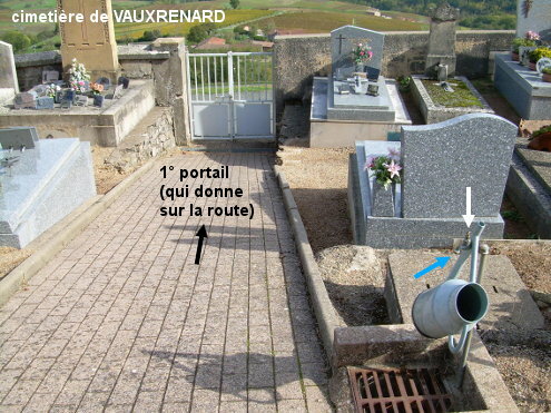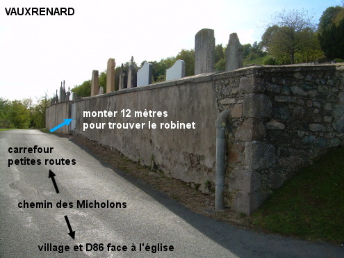 Le cimetière (fléché) est situé sur une route secondaire sur les hauteurs du village. 1) À partir de la D86 au centre du village, prendre en face de l'église le chemin des Micholons qui monte (c'est assez pentu au début, ensuite c'est plat) en suivant la flèche indiquant la direction du cimetière. Suivre cette route (ignorer les embranchements à droite), ignorer la bretelle à droite qui monte vers le portail latéral du cimetière, continuer tout droit jusqu'au portail donnant directement sur la route (à 570 mètres de la D86). Entrer et avancer d'une douzaine de mètres sur l'allée en pavés autobloquants qui monte, pour trouver le robinet fixé sur une tige à gauche de ladite allée. 2) En provenance d'Émeringes sur la D164, au carrefour avec la D86 au bord du village (qui est sur la droite), tourner à gauche (pas totalement à gauche dans la D86E) dans la D86 en direction de Chiroubles. On aperçoit ensuite le cimetière à droite sur les hauteurs, et peu après le point kilométrique 11, tourner en épingle à droite (en direction du cimetière, mais la flèche est orientée pour ceux qui viennent du col de Durbize), ce carrefour est annoncé avec un panneau de priorité à droite. Au carrefour en X peu après, tourner à droite en direction du cimetière (chemin des Micholons). Le cimetière est ainsi implanté côté gauche, et son premier portail est à 290 mètres de la D86. P.S. : En repartant, on peut soit continuer tout droit pour rejoindre la D86 vers l'église, soit revenir au carrefour en X et prendre à droite la ''route de Montgoury'' qui monte au col du Fût-d'Avenas (variante plus tranquille que la D18).
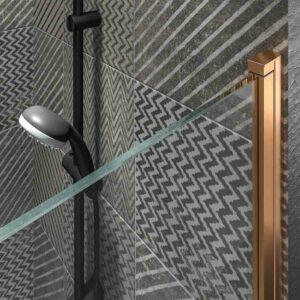 La hauteur de fabrication est de 195 cm mais elle peut être augmentée ou réduite (maximum 220 cm). Quant à la largeur, elle peut mesurer jusqu’à 90cm. Mais allons-y avec ses grands atouts : là l’accessibilité, car il laisse un large trou d’entrée et il n’a pas de profil inférieur (mais il a un caoutchouc à bulles d’étanchéité et dans la zone inférieure un autre caoutchouc et un petit joint en aluminium pour que l’eau ne sorte pas et que la température optimale soit bien conservée); et la facilité de nettoyage (il n’y a pas de profil inférieur, la lame peut être relevée et vous avez la possibilité d’ajouter un anti-calcaire). Ouverture à 180 degrés, à l’intérieur comme à l’extérieur.  Quant aux autres fonctionnalités personnalisables de la paroi de douche OPEN, vous pouvez choisir la couleur et la finition des profils: laqué blanc mat, noir mat, chrome mat, cuivre mat, or mat, or rose mat; ainsi que la finition du verre : transparent, sérigraphié, coloré, mat, translucide, avec verre effet miroir… (voir variations de prix).
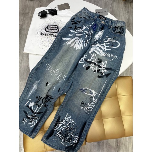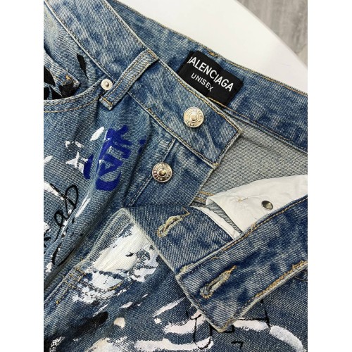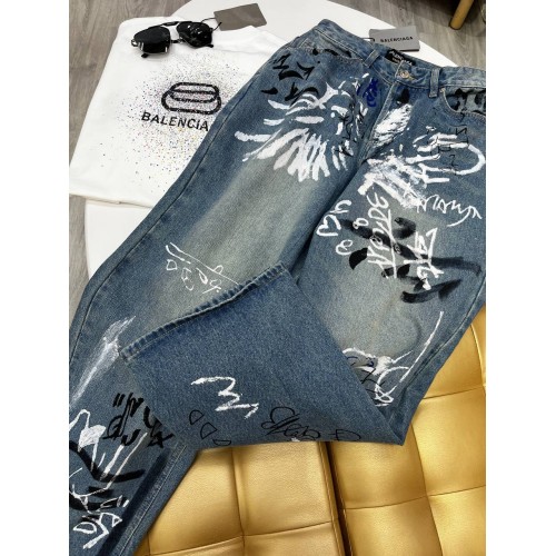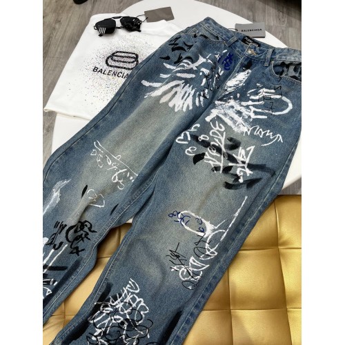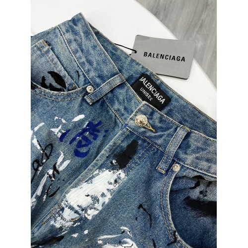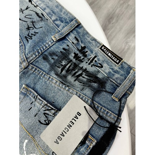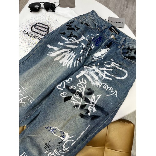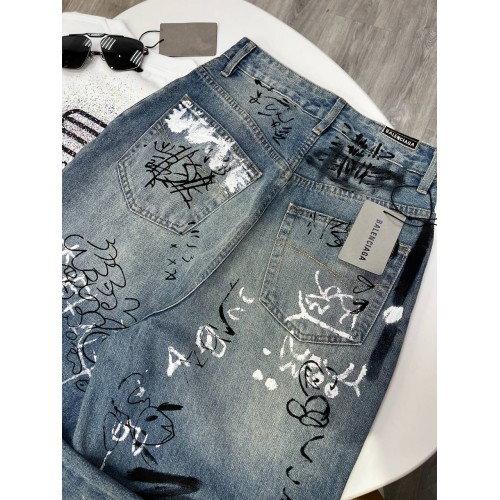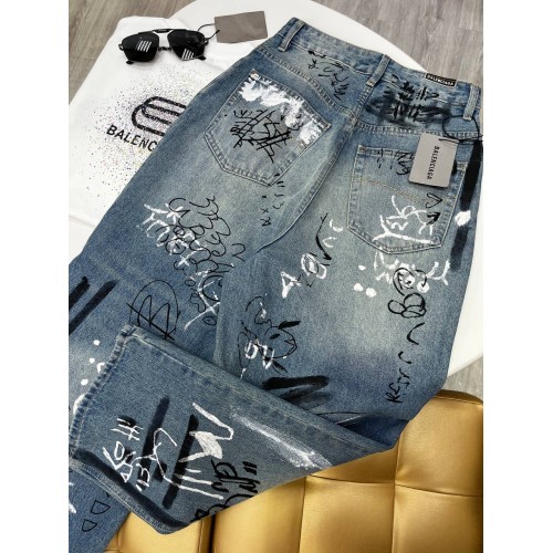 Джинсы Balenciaga синего цвета. Универсальная модель подойдет для повседневных выходов. Интересный внешний вид изделия привлекут много внимания со стороны окружающих. В нашем интернет-магазине вы можете купить копии джинсов с доставкой по Москве и по всей России.
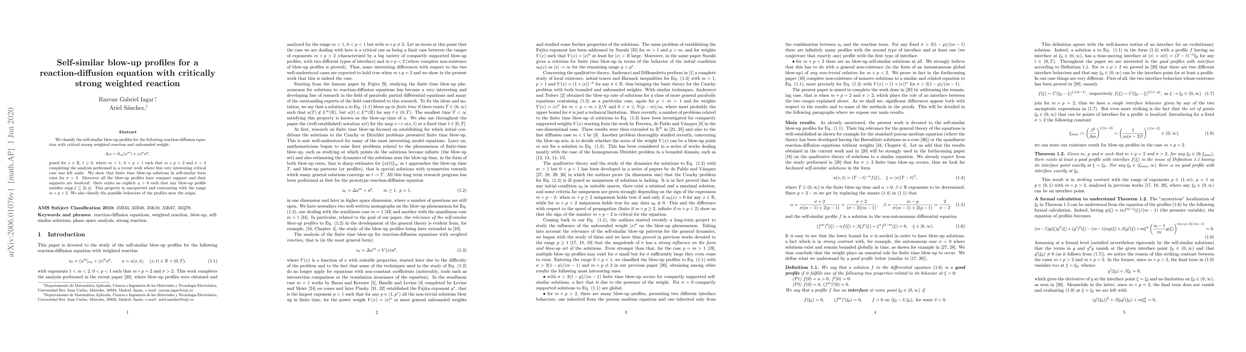 This paper classifies self-similar blow-up profiles for a reaction-diffusion equation with critical strong weighted reaction, revealing that finite time blow-up solutions exist for $\sigma>2$ and have compact, localized support within $[0,\eta]$. The study also examines the behavior of these profiles near the origin.
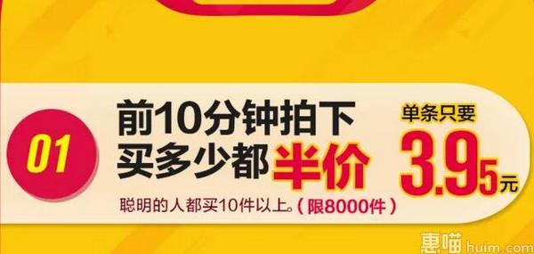 天猫聚划算10点开启7.9元,前10分钟付款享受半价3.9元,系统直降不限购;需要的可以多屯点;
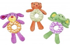Plush baby teething ring design with squeaker is perfect for small dogs/puppies. 3 character assortment.
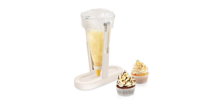 Kiválóan alkalmas a műanyag zacskó élelmiszerekkel és díszítő krémekkel történő töltésére, állítható magassággal 12 - 20 cm. Ellenálló műanyagból készült csúszásmentes kiegészítéssel. Tökéletesen tárolható. Tisztítsa folyó víz alatt.
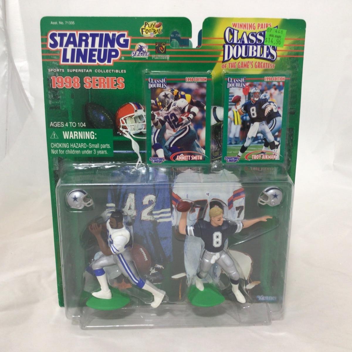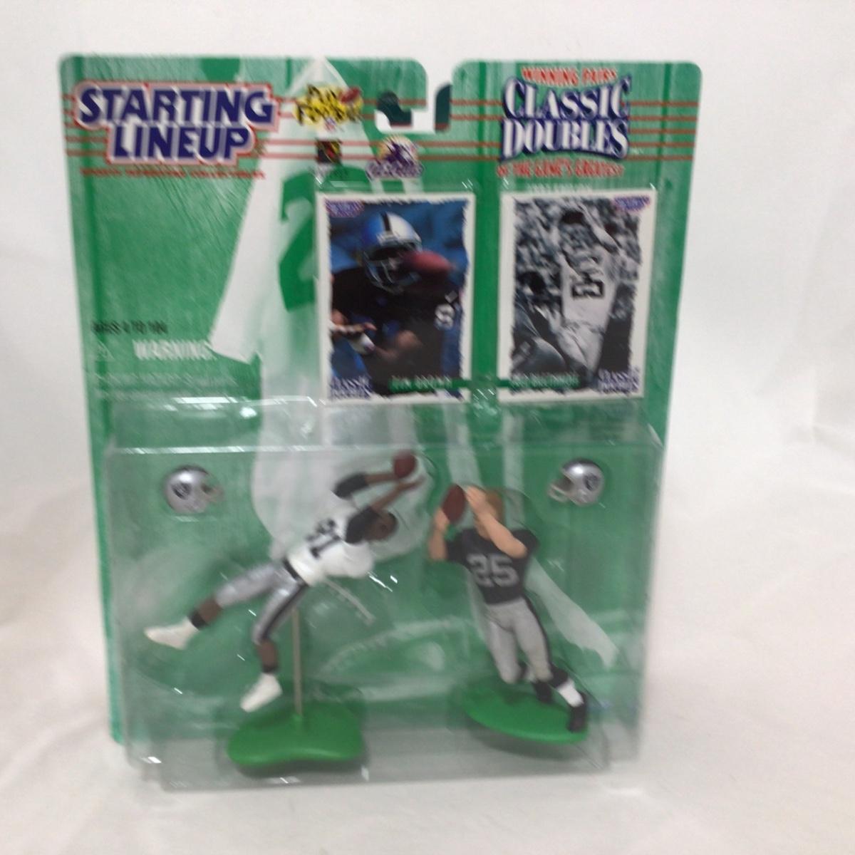 Four starting lineup classic doubles football figures. Please see photos for details and condition. ::: Shipping is available on this lot. If you require shipping you must let us know at the close of the auction. We will coordinate with you after the item has been won. Shipping fees will include insurance up to or exceeding the value of all items being mailed. If you have any questions regarding this lot please contact the auctioneer either via this website, by direct email or by phone. PICK UP TIMES and other important information can be found in the TERMS and DESCRIPTION of the auction. Please take a look for pertinent information. Thanks!

= Try it =
What you need to copy is the run of lines from the one holding "天猫聚划算10点开启7.9元" through the end of the data, exactly and only, both ends included, pictures omitted.

= Exercise solution =
 天猫聚划算10点开启7.9元,前10分钟付款享受半价3.9元,系统直降不限购;需要的可以多屯点;
Plush baby teething ring design with squeaker is perfect for small dogs/puppies. 3 character assortment.
 Kiválóan alkalmas a műanyag zacskó élelmiszerekkel és díszítő krémekkel történő töltésére, állítható magassággal 12 - 20 cm. Ellenálló műanyagból készült csúszásmentes kiegészítéssel. Tökéletesen tárolható. Tisztítsa folyó víz alatt.
 Four starting lineup classic doubles football figures. Please see photos for details and condition. ::: Shipping is available on this lot. If you require shipping you must let us know at the close of the auction. We will coordinate with you after the item has been won. Shipping fees will include insurance up to or exceeding the value of all items being mailed. If you have any questions regarding this lot please contact the auctioneer either via this website, by direct email or by phone. PICK UP TIMES and other important information can be found in the TERMS and DESCRIPTION of the auction. Please take a look for pertinent information. Thanks!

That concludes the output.